MLB: July 2025

Cal Raleigh is a very good catcher but somewhat ironically, he appears to be having his weakest season defensively while having a breakout year on offense. I don’t pretend to understand all of the advanced stats, so I’m just looking at both bWAR and fWAR. The gap is closer at fangraphs with Judge at 7.1 and Raleigh 5.7.

It was Dodgers fans wearing out their lungs screaming “Cheater” at Jose Altuve while he and his teammates feasted on Dodgers pitching.

Altuve: two home runs, a double and 5 RBIs.

Unless you’re the New York Mets.

Relief pitcher Bobby Jenks, who was one of the heroes of the White Sox’ World Series win in 2005, died yesterday, at age 44, after a battle with stomach cancer.

Jenks was a big guy (officially listed at 6’4", 275 lbs.), and whenever I hear his name, I remember a radio ad for the White Sox which ran here in Chicago, in which he was referred to as “the Meat with the Heat.”

They keep on limiting pitchers’ innings more and more, and they keep on getting injured.

I remember when Judge came up, a number of pitchers and announcers commented, “Look at the size of that strike zone!”
As he got experience, he covers it pretty well. You’ll always get the strikeouts, that’s the nature of todays game.

They keep pushing pitchers to throw at 100% more and more, and they keep on getting injured.

And Schmidt wasn’t a flamethrower, just threw a ton of cutters.

I have to wonder what role the pitch clock plays in this. Less time in between each pitch has to lead to increased arm strain and injuries, right?

Baseball has also become obsessed with spin rate in recent years. Altering mechanics to achieve more spin is probably contributing to arm injuries.

MLB commissioned a study in 2023 on pitcher injuries. Here’s a summary article, written after the 2024 season.
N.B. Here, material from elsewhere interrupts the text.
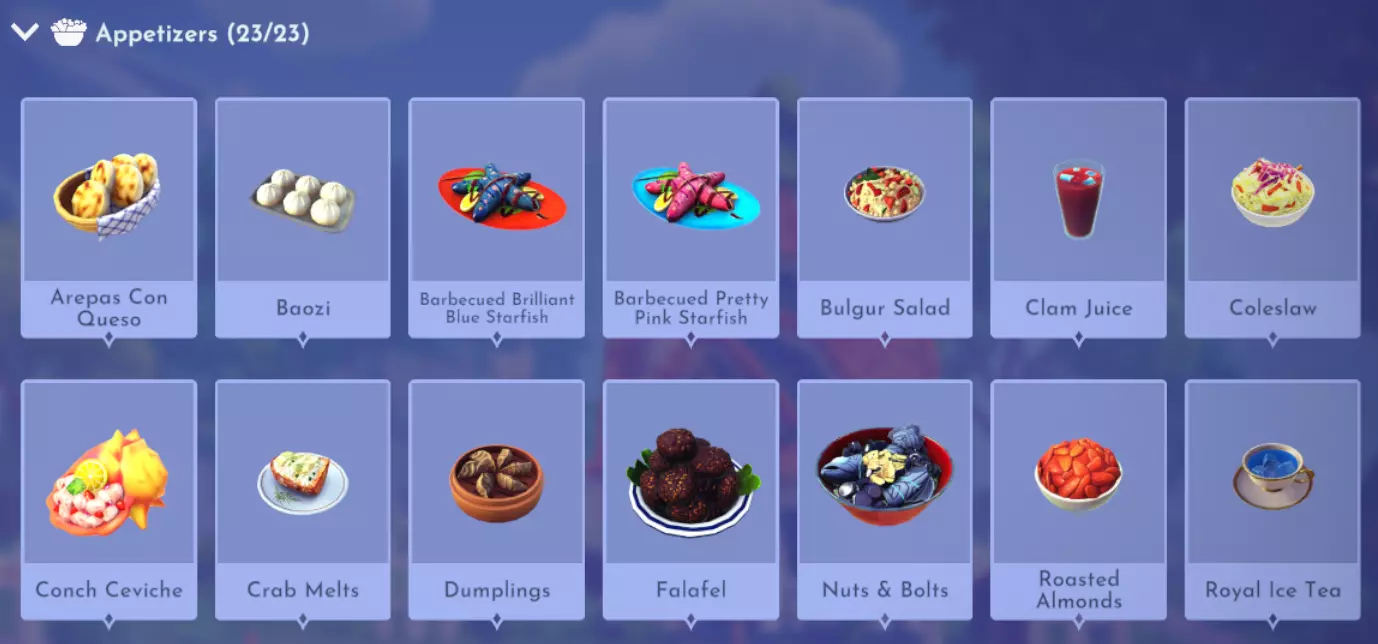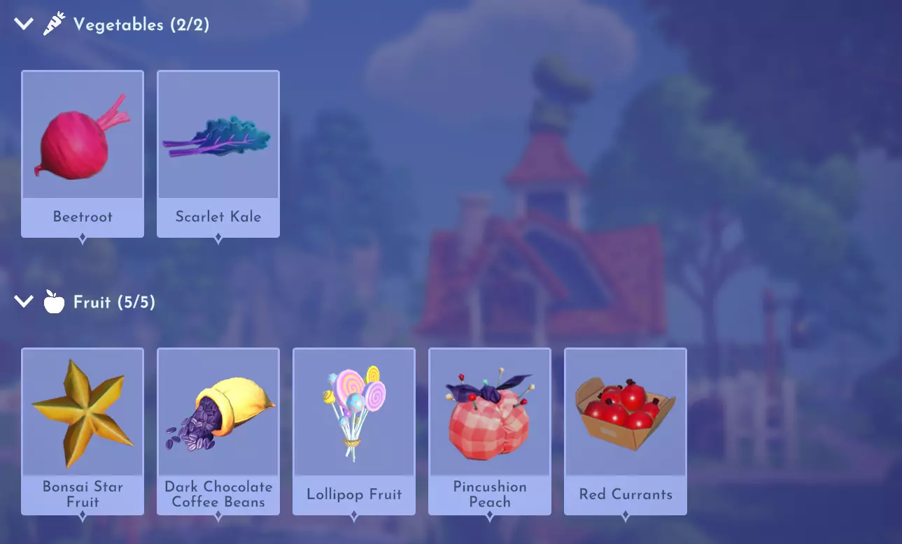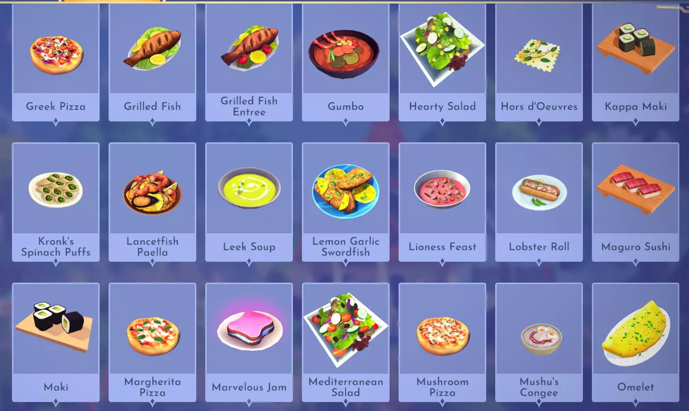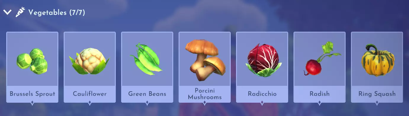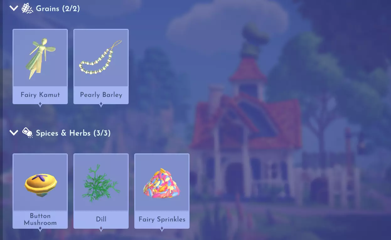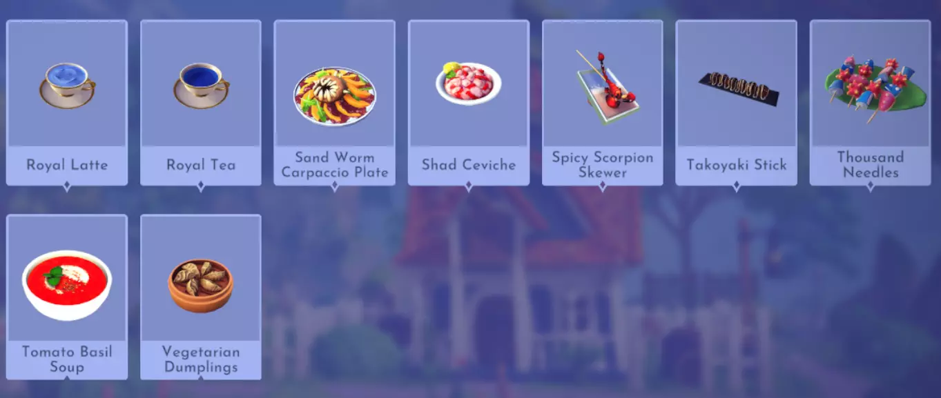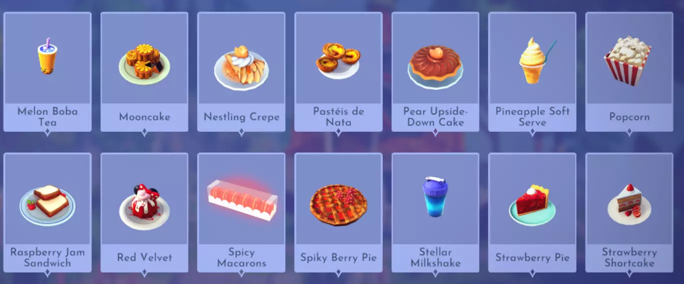 "My Hero" Cookie Sweet (ex. cocoa bean) + wheat + butter Apple Pie Apple + wheat + butter Apple Sorbet Apple + sugarcane + slush ice Aurora's Cake Wheat + egg + sugarcane + milk + fruit (ex. raspberry) Banana Ice Cream Banana + milk + sugarcane + slush ice Banana Pie Banana + wheat + butter Banana Split Banana + milk + sugarcane + slush ice + sweet (ex. sugarcane) Beignets Egg + wheat + canola + sugarcane Berry Salad Raspberry + gooseberry + blueberry Birthday Cake Egg + butter + sugarcane + wheat + cocoa bean Biscuits Sugarcane + wheat + butter Blueberry Pie Blueberry + wheat + butter Boba Tea Milk + sugarcane Candy Sweet (ex. sugarcane) Caramel Apples Apple + sugarcane Carrot Cake Carrot + sugarcane + wheat + egg Cheesecake Cheese + wheat + sugarcane + fruit (ex. raspberry) Cherry Pie Cherry + wheat + butter Cheshire Cat Tail Sugarcane + cocoa bean + egg + wheat Chocolate Chip Cookie Cocoa bean + butter + wheat + sugarcane Chocolate Ice Cream Milk + slush ice + sugarcane + cocoa bean Chocolate Waffles Cocoa bean + milk + wheat + egg Coconut Boba Tea Coconut + milk + sugarcane Coconut Cake Coconut + sugarcane + wheat + egg Coconut Ice Cream Coconut + milk + sugarcane + slush ice Crepe Milk + vanilla + wheat + egg Dream Ice Cream Dreamlight fruit + slush ice + milk Festive Blueberry Hot Cocoa Milk + sugarcane + festive cocoa bean + blueberry Festive Cherry Hot Cocoa Milk + sugarcane + festive cocoa bean + cherry Festive Mint Hot Cocoa Milk + sugarcane + festive cocoa bean + mint Fruit Salad Fruit (ex. raspberry) Fruit Sorbet Fruit (ex. raspberry) + slush ice Fruit Cake Fruit (ex. raspberry) + fruit (ex. raspberry) + fruit (ex. raspberry) + wheat Garlic Chocolate Tart Garlic + cocoa bean + egg + wheat + cheese Gingerbread House Ginger + egg + vanilla + sugarcane + wheat Gooseberry Boba Tea Gooseberry + milk + sugarcane Gray Stuff Sugarcane + cocoa bean + dairy (ex. butter) Halloween Gingerbread Cookies Pumpkin + wheat + ginger Hot Cocoa Sugarcane + cocoa bean + milk Ice Cream Milk + slush ice + sugarcane Jam Waffles Fruit (ex. raspberry) + wheat + egg + milk Joyful Meal Banana + blueberry + raspberry + wheat Lemon Sorbet Lemon + slush ice Meringue Pie Lemon + wheat + egg + butter Mermaid Cupcake Butter + milk + wheat + sugarcane + scallop Minnie Cupcake Butter + milk + wheat + sugarcane + apple Minnie's Gingerbread Cookies Ginger + wheat Mint Boba Tea Mint + milk + sugarcane Mint Candy Mint + sugarcane Mint Chocolate Mint + cocoa bean + butter + sugarcane Mint Sorbet Mint + slush ice Pastry Cream and Fruits Sugarcane + fruit (ex. raspberry) + fruit (ex. raspberry) + fruit (ex. raspberry) + milk Pawpsicle Fruit (ex. raspberry) + slush ice + sugarcane Peanut Butter Waffles Peanut + egg + wheat + milk Plain Snow Cones Slush ice Princess Aurora Raspberry Cupcake Butter + milk + wheat + sugarcane + raspberry Raspberry Boba Tea Raspberry + milk + sugarcane Red Fruit Pie Fruit (ex. raspberry) + wheat + butter Red Fruit Sorbert Raspberry + gooseberry + slush ice + sugarcane Roasted Marshmallows Pink marshmallow + pink marshmallow + blue marshmallow + blue marshmallow Root Beer Ginger + sugarcane + vanilla Shake Dairy (ex. milk) S'mores Pink marshmallow + blue marshmallow + wheat + wheat Snow White's Gooseberry Pie Gooseberry + wheat + butter Sour Snow Cones Lemon + slush ice + sugarcane Spaceship Earth Cupcake Butter + milk + wheat + sugarcane + coconut Spring Chocolate Sugarcane + cocoa bean + spring V-EGG-etable Spring Egg Bowl Sugarcane + cocoa bean + spring V-EGG-etable + egg-cellent fruit + wild spring egg Spring Mimosa Eggs Basil + spring V-EGG-etable + egg-cellent fruit + wild spring egg Stitch Cupcake Butter + milk + wheat + sugarcane + blueberry Sweet Slush Sweet (ex. sugarcane) + slush ice Tropical Pop Fruit (ex. raspberry) + coconut + sugarcane + slush ice Vanilla Ice Cream Vanilla + milk + sugarcane + slush ice Waffles Sweet (ex. sugarcane) + egg + wheat + milk Wedding Cake Vanilla + sugarcane + butter + wheat + egg Whimsical Pie Dreamlight fruit + wheat + butter Wonderland Cookies Vanilla + sugarcane + butter + wheat Yule Log Cocoa bean + cherry + vanilla + wheat Ingredients (A Rift in Time DLC) Vegetables

An interesting finding is that more injuries have been occurring before Opening Day than in the past.

Pitch clock was introduced in 2023. According to the above article, injuries have been on a steep uptrend for at least a decade. IMO, the pitch clock is only a slight factor, if any.

Brewers pitcher Brandon Woodruff started today’s game against the Marlins, almost two years after his last major-league appearance, and after a lengthy rehab from surgery on his pitching shoulder.

Woodruff went six innings, only giving up two hits (one a home run), and walking none, while striking out eight, and getting the win. Welcome back!

Nats making changes.

The Pittsburgh Pirates just made history. They are the first team in MLB to win 3 straight shutout games then immediately lose 3 straight shutout games.

Toronto won today to sweep the Angels. They’ve now won 8 in a row and maintained their 3-game lead over the Yanks and Rays.

Incidentally, their 52-38 record is the worst of the six division leaders, one game behind both the Cubs and Phillies.

About freakin’ time.

That’s really tapered off since they implemented between-inning checks for foreign substances. The spin rate craze was driven by MLB turning a blind eye to amazingly advanced technology in sticky stuff that pitchers were using. They got away with it because there was a legitimate argument that some amount of tack was helpful in pitchers gaining control of increasingly fast pitches, thus reducing injuries. But it then spiraled into leveraging the sticky stuff to absurd degrees, and MLB called them on it. The substance checks have pretty much taken care of both the substances and the spin obsession.

I still don’t think they can maintain this. On the weekend they beat a mediocre team three times but by the skin of their teeth. This is a team with significant weaknesses and without the prospect bait to acquire the best available talent at the deadline.

Having said that, wins are wins. If from this point on they just play .500 ball, they’d finish 88-74, which would drift them out of the division lead but likely still make the playoffs.

It’ll be interesting to see what they when Anthony Santander is back. I suspect Davis Schneider is the odd man out, to the extent that he might be one of the guys traded away to get more pitching. That said, I am not sure Santander’s return would make the team better. He was fucking terrible before getting hurt, he offers the team way less positional flexibility, and he has never really been a GREAT player. The Jays have been much better without him.

True, but during the week, they swept the Yankees in 4 games, right after taking 2 of 3 from both Boston and Cleveland. (Of course, they lost 2 of 3 to the White Sox prior to the Cleveland series…)

I’d say enjoy their success while it lasts. I can root for any team that is ahead of the Yanks.

My favorite baseball team? Funny you should ask.

Whoever is playing the Yankees today.

I’d agree with you but the Yankees play against the Astros sometimes.